While some kinds of Airbnb stays are much more controversial — for instance, someone who rents an apartment but doesn’t live there and posts the entire thing on Airbnb for rentals, without the landlord’s knowledge or approval — the host in question, Nigel Warren, was pretty much exemplary by Airbnb’s standards.
According to Warren’s testimony, he rented out his bedroom while he was out of town, he had only hosted on Airbnb three times, and his roommate continued to occupy the apartment while the guests visited (though the judge said he would have been happier if the roommate and the guests interacted, and if the guests visited the roommate’s bedroom as well, which seems like an odd quibble).
The ruling applies to the part of Airbnb’s business that the company saw as entirely unimpeachable. And even if the company can get it reversed, it will surely have a chilling effect on potential hosts who don’t want to be taken to court and fined.

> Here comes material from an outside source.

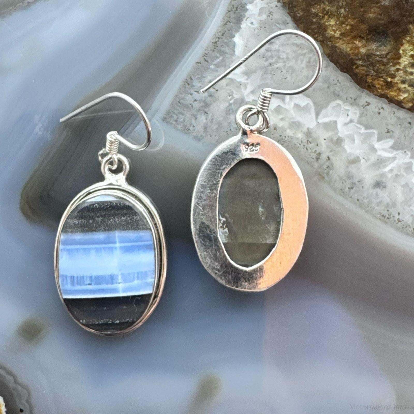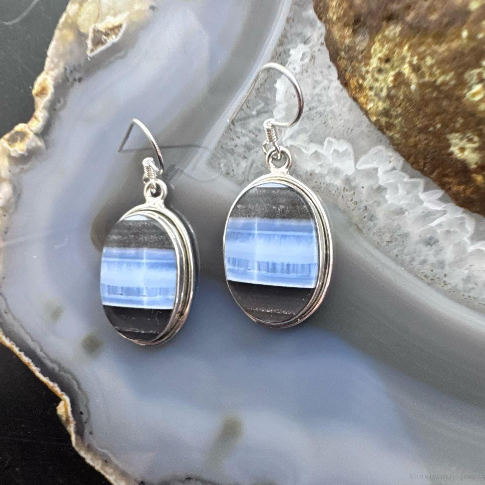 Sterling Silver Southwestern Style Oval Blue Opal Dangle Earrings For Women
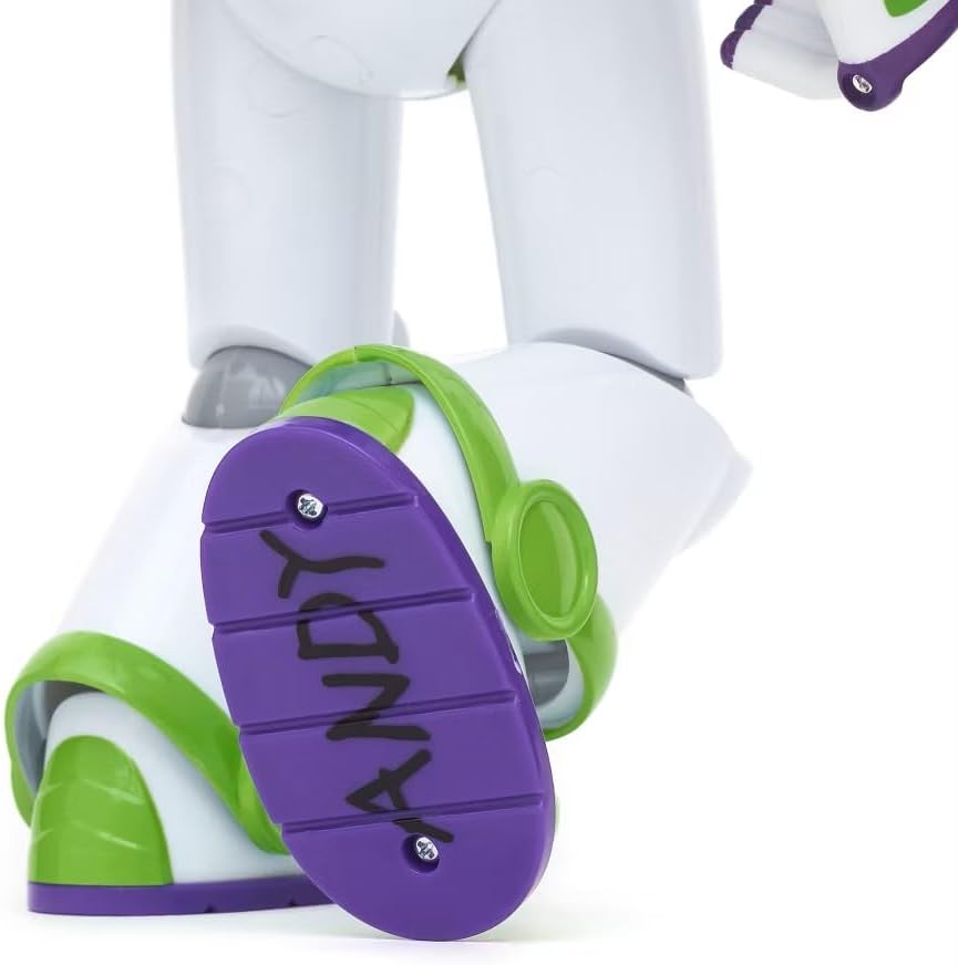 Buzz está pronto para uma aventura intergaláctica: suas asas se abrem para o modo de voo e seu capacete abre e fecha. Ele tem luzes que funcionam e diz 15 frases diferentes.

As part of a larger statement indicating that it will likely try to help an appeal, Airbnb said, “[T]his decision makes it even more critical that New York law be clarified to make sure regular New Yorkers can occasionally rent out their own homes … 87 percent of Airbnb hosts in New York list just a home they live in — they are average New Yorkers trying to make ends meet, not illegal hotels.”
However, Airbnb is not a party in the case, and it was not assisting with or paying for Warren’s legal defense, so it’s unclear what the company’s standing is. The company is arguing that a 2010 New York law that limits illegal hotels should not apply to “regular people.”
Warren (well, actually his landlord, but Warren took responsibility) has been ordered to pay $2,400 in fines, and the case and context are well described in this CNET article. It appears that the main reason Warren was singled out was because after a complaint was filed, an inspector ran into his guests in the hallway.
Warren told CNET, “I like what Airbnb does, and I don’t want this ruling to stand in the way of what I think is, overall, a great startup.”
Meanwhile, Airbnb does not expect to change its practices as a result of the ruling, as its hosts are responsible for complying with local laws. In the past month, the company added an additional pop-up message during its host sign-up process that helps educate them about what exactly those laws are.
The pop-up memo doesn’t give any sort of explicit region-by-region legal advice, but it says in part:
“Some cities have laws that restrict your ability to host paying guests for short periods. … Local governments vary greatly in how they enforce these laws. Penalties may include fines or other enforcement. These rules can be confusing.”